Materials and Equipment:
sample of water and sediments
pond, marsh, or bay magnetic compass
1/2 inch rubber "O- ring"glass slide and cover slip
- Rub an O-ring with a thin layer of petroleum jelly and center it on a clean slide. The petroleum jelly should hold the O-ring in place.
- Place a drop of the pond water/sediment on the cover-slip. Invert it quickly (creating a hanging drop) and place it on the O-ring so that the drop hangs freely inside the O-ring.
- Using a compound microscope, focus on the edge of the droplet farthest away from you. Change the objectives until you reach a magnification of 100X.
- Hold the north end of a bar magnet next to a compass. If the marked end of the compass (north-seeking) moves toward the north end of the bar magnet you may proceed. If, however, the compass points away from the north end of your magnet, the poles on the magnet have been reversed. You will need to reverse the poles on the magnet or obtain a different bar magnet.
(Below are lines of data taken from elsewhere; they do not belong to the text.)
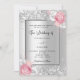 Fundo de aspecto fino prateado decorado com flores brancas e cor-de-rosa, flores e brilho fino prateado, brilhos. Personalize e adicione seus nomes e detalhes do casamento. Letras negras.
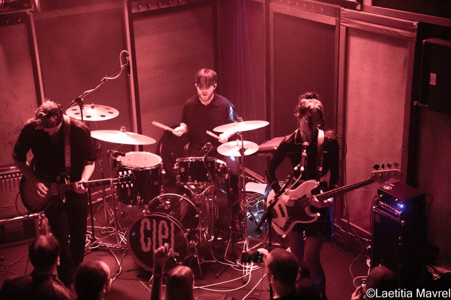 Mais c'est la vie, dans tous les couples il y a des hauts et des bas, alors on brave le froid, la pluie et la dépression pour arriver jusqu'à Bastille et espérer raviver la flamme avec Michelle Hindriks et Tim Spencer. Le duo respectivement à la basse et batterie qui sera pour cette tournée européenne accompagné à la guitare par Nick Bowley, le André Agassi du dream-rock dans sa sublime panoplie bandeau, chaîne en or et chemisette vintage. CIEL, de nouveau trio pour le live, qui rentrent en scène sous les lueurs rougeoyantes du Supersonic Records, ce petit écrin rétro muré de façades d'amplis et d'instruments découpés, aussi découpés que la guitare de Nick Bowley qui mettra tout le premier couplet du concert à bien vouloir fonctionner. Ça part mal mais ça redresse très vite la barre, et on en revient à ce qui manque le plus à ce premier album de la friendzone : une bonne grosse guitare qui tâche.
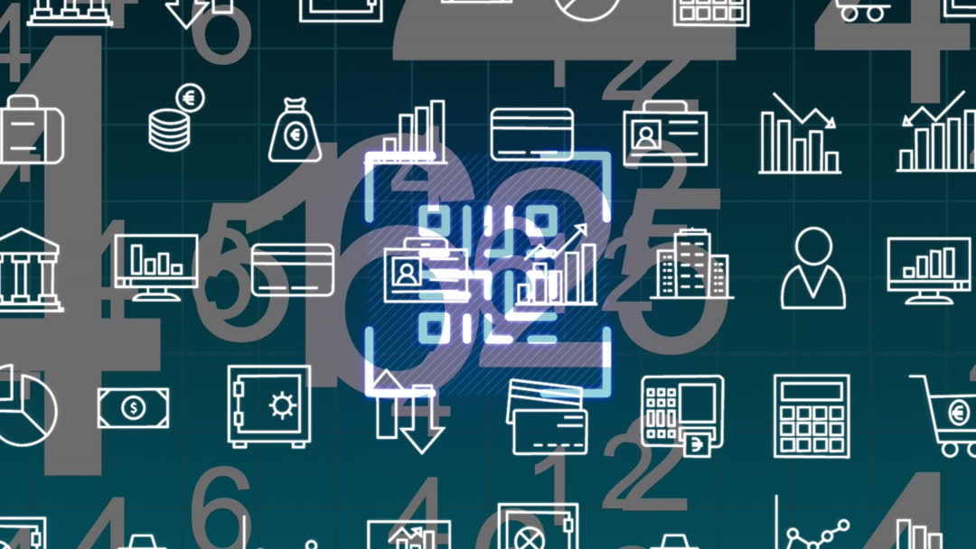 This visual shows a mix of tech and finance-themed digital icons and numbers cascading against a dark backdrop, creating a futuristic data processing concept. Useful for representing digital transformation in finance, technology advancements, or data management topics in digital content, ads, and presentations.
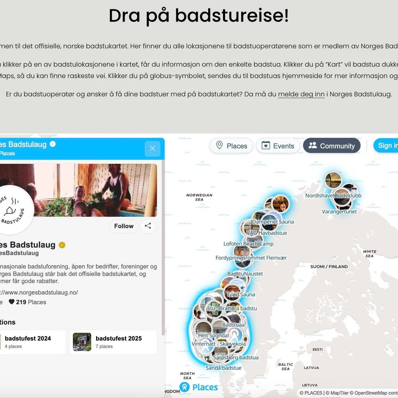 Det finnes flere hundre offentlig tilgjengelige badstuer i Norge. Mange er arkitektoniske perler, omgitt av vakker natur. I badstukartet kan du finne en badstue nær deg, eller planlegge en skikkelig badstureise gjennom Norge.
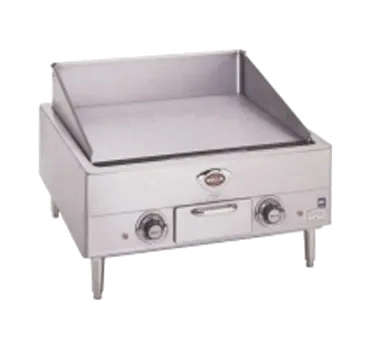 Master the art of cooking with the Wells G-13 Electric Countertop Griddle. This high-quality griddle is designed to meet the demands of a commercial restaurant kitchen. With a smooth polished steel griddle plate measuring 22-1/2" W x 18-5/16" D, you'll have plenty of space to cook multiple items at once. The zoned thermostatic heat control allows for precise temperature adjustments, ensuring that your food is cooked to perfection every time. The stainless steel construction not only provides durability but also makes cleaning a breeze. The removable splashguard helps to contain any mess, keeping your kitchen clean and organized. With 4" adjustable legs, you can easily level the griddle on any countertop surface. Whether you're cooking breakfast, lunch, or dinner, the Wells G-13 Electric Countertop Griddle is the perfect addition to your commercial kitchen.
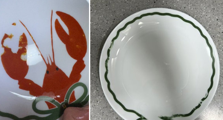 작성자 A 씨는 “설거지를 하고 보니 빨간색(랍스터 그림)은 완전히 사라졌고, 녹색 테두리도 없어지기 시작했다”며 “지워진 모양을 보면 물리적으로 긁힌 게 아니라 녹아내린 것처럼 사라지고 있다”고 말했다. 이어 “써브웨이 랍스터 접시에 뭐 먹지 말라. 잉크가 벗겨진다”고 당부했다.
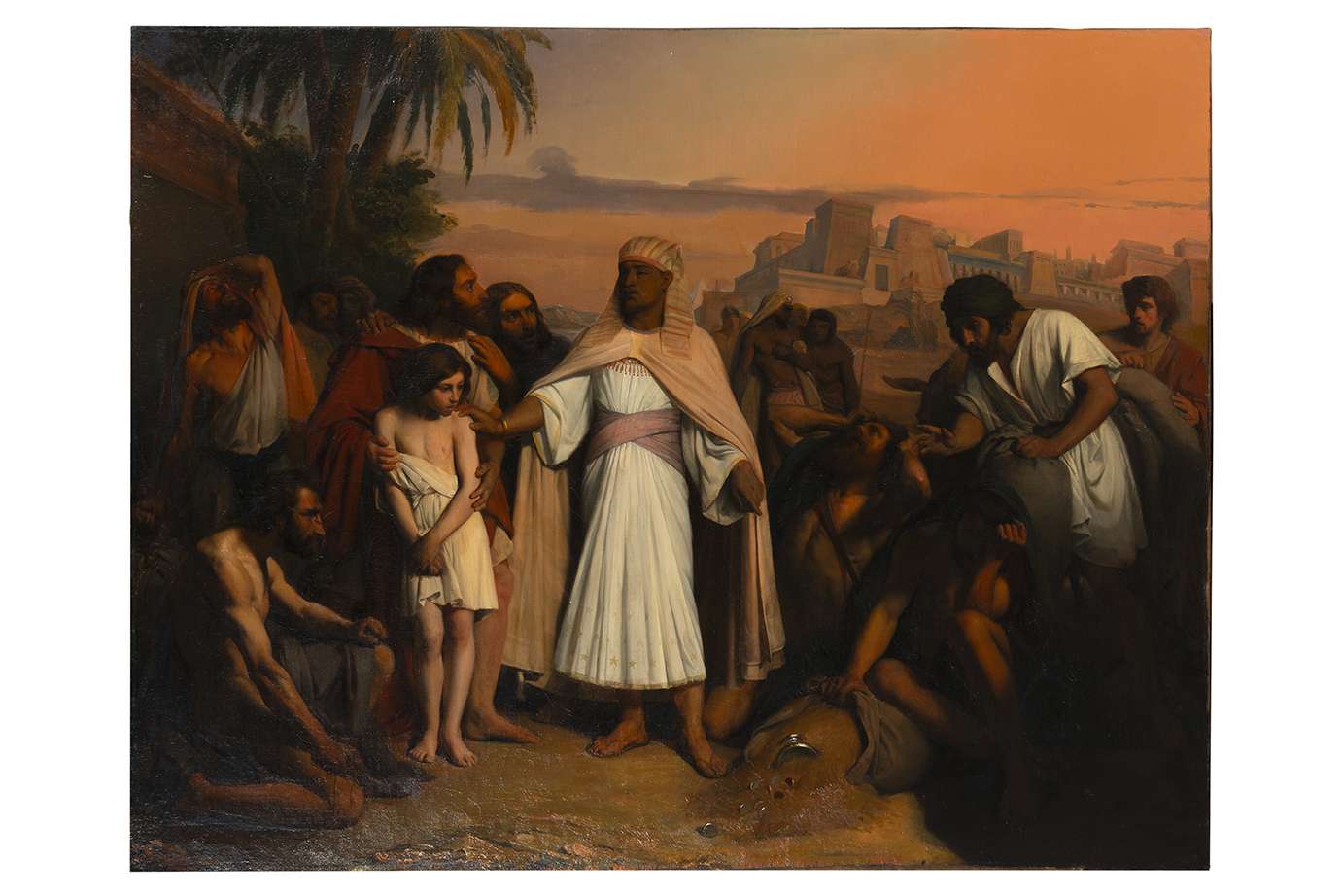 Elève de Picot, c’est la deuxième fois que Brisset tente le Grand Prix, fort de sa deuxième place au concours de 1837. Il a retenu la leçon de son maître dont l’enseignement est fondamentalement basé sur le dessin. Morceau de bravoure pour les jeunes peintres, l’épreuve est aussi une occasion de prouver sa maîtrise de l’anatomie et de l’expression des passions, comme c’est ici le cas, les visages exprimant toute une palette d’émotions en lien avec le sujet : désespoir, tourmente, crainte, culpabilité, autorité. La scène prend place dans une Egypte que le peintre n’est encore jamais allé voir mais qui évoque le goût d’une époque pour un Orient rêvé.
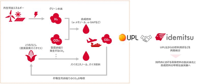 出光はSAF、合成燃料といった次世代燃料や、バイオ燃料の導入・普及とサプライチェーンの構築を進めている。UPLがインドで製造を検討している合成燃料(eメタノール、e-SAF)、バイオ燃料(バイオエタノール、HEFA-SAFなど)を調達することを視野に入れている。
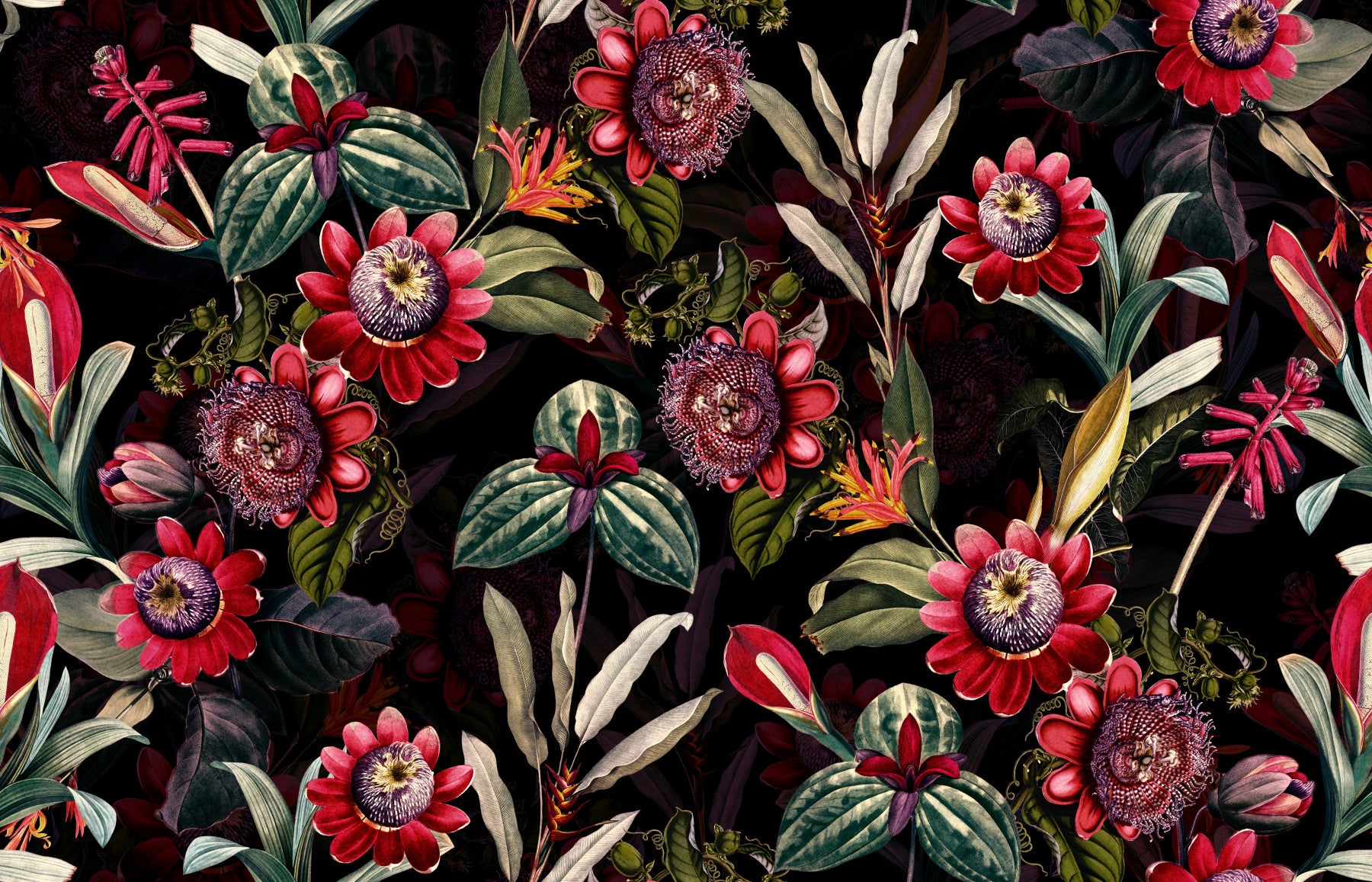 Indulge in the captivating allure of 'Midnight Bloom,' a wallpaper design that transports you to a lush, nocturnal garden. Intricate botanical illustrations of crimson passionflowers and exotic foliage unfurl against a deep black backdrop. The rich jewel tones of deep reds, emerald greens, and hints of burgundy create a sophisticated and darkly romantic atmosphere. This wallpaper is perfect for adding a touch of exotic elegance and mystery to any space, whether it's a bedroom, living room, or even a dramatic entryway. The detailed artwork offers a mesmerizing visual experience, drawing the eye into a world of vibrant yet subdued natural beauty.
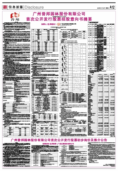 广州普邦园林股份有限公司首次公开发行股票初步询价及推介公告
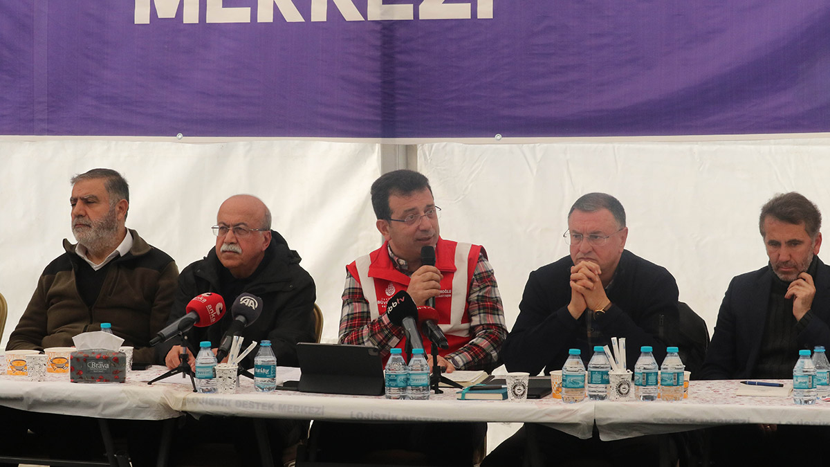 İstanbul Büyükşehir Belediye Başkanı İmamoğlu, Hatay’da kurdukları Deprem Koordinasyon Merkezi’nde basın mensuplarıyla bir araya geldi. Toplantıya Hatay Büyükşehir Belediye Başkanı Lütfü Savaş, belediye başkanları, CHP teşkilatı ve partililer ile bazı STK temsilcileri de katıldı. İmamoğlu, deprem bölgesinde 18 gündür 4 bin 500’e yakın personelin görev aldığı çalışma yürüttüklerini, 2 bin personelin aktif olarak sadece Hatay’da bulunduğunu söyledi.
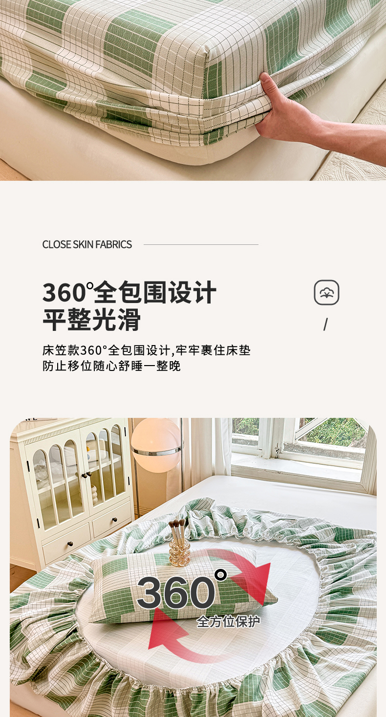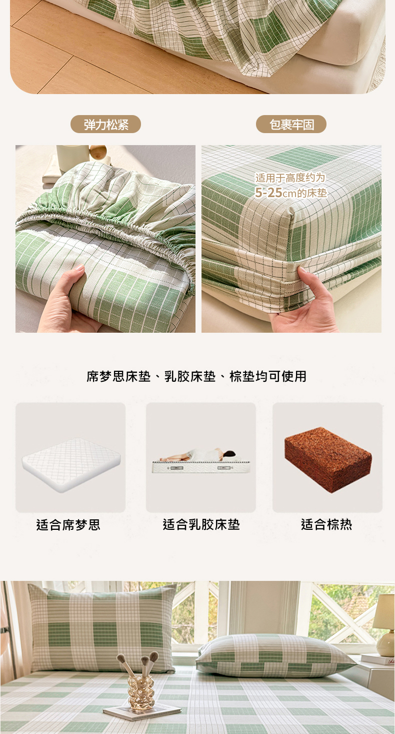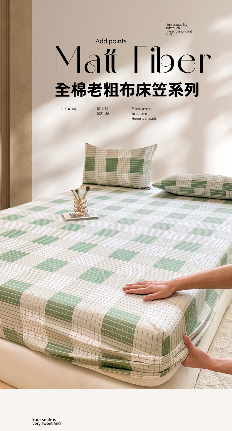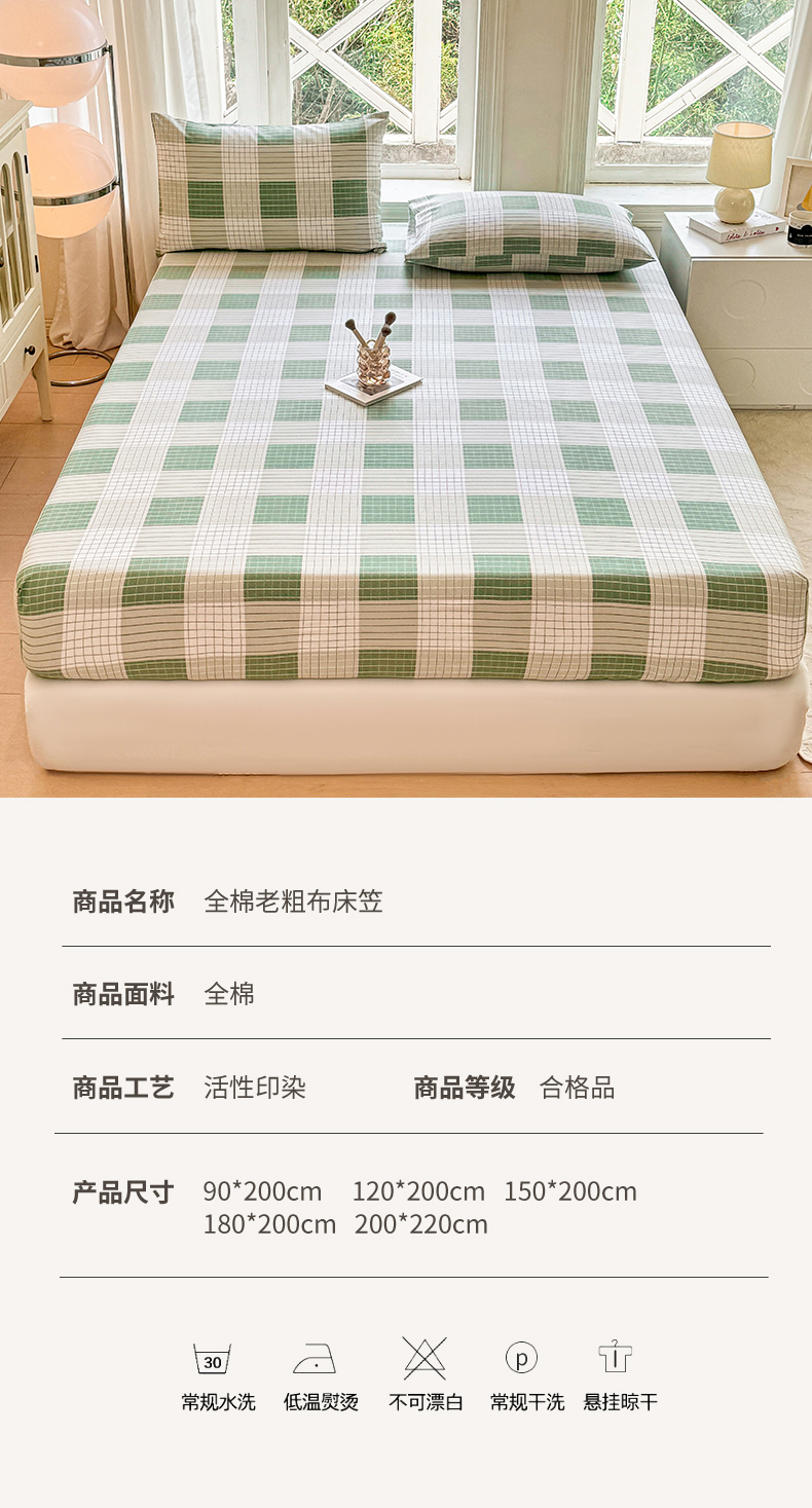 • 91家纺网 家纺一手货源 找家纺 韩巢家纺 2025新款全棉纯棉田园小清新花卉老粗布席子凉席夏季凉席席子床笠款床套 休闲生活-绿

- Hold the north end of a bar magnet next to the edge of the slide farthest away from you. Using at least 100X magnification you will begin to see the bacteria congregate on the edge of the drop nearest the magnet. They swim very quickly and should be evident within 5-10 seconds.
- Once the bacteria appear, turn the magnet around. What do the bacteria do? Repeat as many times as you wish. You may also find it interesting to use a higher power objective to view the bacteria.
- Create an hypothesis about the survival advantage of the adaptation of magnetotactic bacteria demonstrated above.
- What packaged traits must be found together to make this adaptation possible? That is, is it enough just to be able to sense the magnetic field of the Earth? Explain.
- What other organisms might be able to use the Earth's magnetic field as an aid in navigation? What advantages does such an ability bestow on an organism in terms of survival? Can you think of any disadvantages such an ability might carry with it?
- Create a three-dimensional compass that demonstrates that magnetic force field lines act inward as well as toward the respective pole.
- Develop an experiment to test your hypothesis (#1 under "Thought Questions") about the survival advantage of these bacteria. Perform your experiment.